Earlier in the year I wrote about areas of investment interest for 2010 and included Big Data aggregation,
management, and data mining/processing. A couple of weeks ago I had attended Gigaom’s Structure 2010, a conference devoted to big data. As is also noted by Derrick Harris here there is a growing market of vendors that are working around open source tools to support big data initiatives. I wanted to summarize my thoughts from the conference but travel got in the way. When EMC’s acquisition of Greenplum was announced big data came to fore again since Greenplum had created a good implementation of MapReduce into its platform (even though I think EMC has been thinking along more traditional data warehousing lines with this acquisition).
- Only 10-20 companies have a good grasp of big data issues and are innovating in
this area. Though many companies in the Fortune 1000 are starting to experiment with Hadoop, today only 10-20%
of enterprises need big data solutions. This number could grow as high as 40-50% in 5 years. - NoSQL databases are emerging as the preferred systems for storing and managing big data sets. The data in these sets is at the terabyte or petabyte scale, it is semi-structured, highly distributed, and much of it is of unknown value so it must be processed quickly to identify the interesting parts to keep.
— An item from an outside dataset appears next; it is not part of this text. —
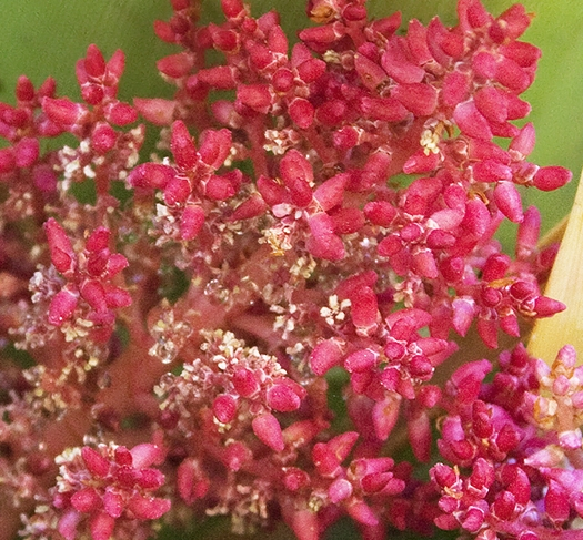 Pandani (Richea pandanifolia) flowers between Waterfall Valley and Lake Holmes, Cradle Mountain - Lake St Clair National Park, Tasmania Australia

NoSQL databases provide efficient and effective storage, management and processing of such data sets at low cost. However, it is unlikely that these databases will evolve into general purpose platforms, like relational databases
did. It will therefore be important to match the big data problem being solved to the right database. Data analysis and business intelligence are emerging as the best applications for taking full advantage of NoSQL
databases. Almost every company that presented at the conference discussed such applications. - Too many NoSQL database companies have already been created (Cloudera, 10gen, MongoDB, VoltDB, CouchDB, etc). While the user interest in such databases is increasing (many Fortune 1000 companies have started Hadoop evaluation projects), the market won’t be able to sustain them. I expect to see significant consolidation in the next 3-5 years.
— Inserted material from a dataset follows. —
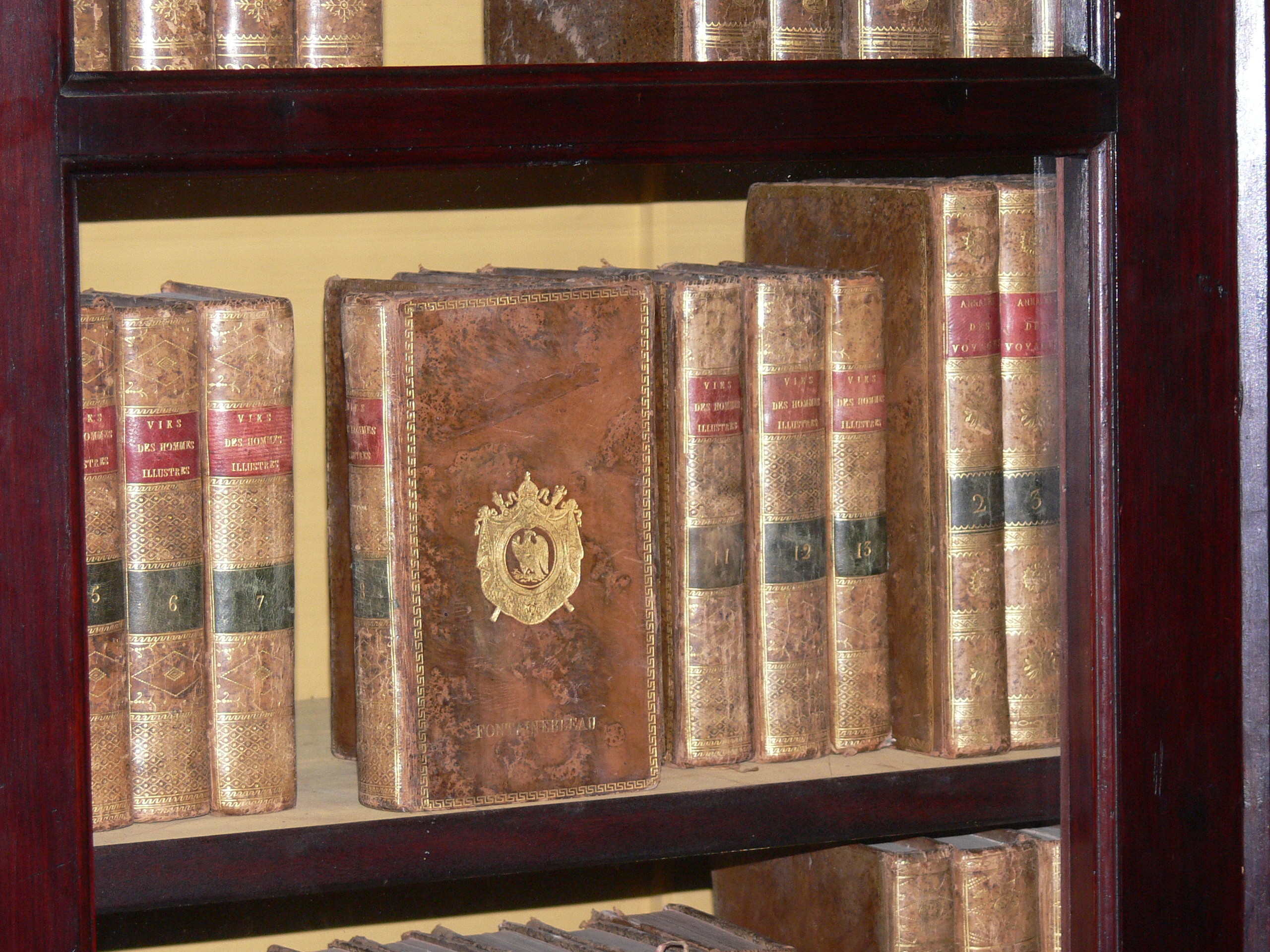 Portoferraio on Elba. Villa Mulini: Books in Napoleons library.

- Today there is no “LAMP stack” equivalent for big data processing and analytics and I think that there is an opportunity and need to create one. As Jim Kobielus at Forrester wrote in his blog, there is not going to be a standalone market for Hadoop. The pioneers of the big data movement, e.g., internet portals, social networks, ad networks, etc., are creating ad hoc “stacks” using open source tools for data management, data aggregation, in-memory storage. In most cases they extend/modify these tools heavily. In addition to base Hadoop, tools such as Hive, Cassandra, Scribe, memcached, MapReduce, Google App Engine are part of such stacks and, consequently can be the components
of a pre-integrated, pre-certified Big Data Platform. Using these tools still requires a programmer’s talents (PIG, and QL are efforts to provide a higher abstraction programming layer to Hadoop and Hive respectively so that
database administrators can interact with the databases). The Big Data Platform must be usable by business
analysts, as well. Hadoop client-side applications such as those being developed by Karmasphere and
Datameer provide steps in the right direction but they remain standalone. - For no reason apparent to me, NoSQL database companies are trying to reinvent the data warehousing and business intelligence infrastructures that have been created over the years. Some of the “reinventions” may be absolutely
necessary and will lead to important innovations. However, these companies appear to be also ignoring important aspects of the data management and data analysis technology that has been developed over the years around data warehouses built using relational technology.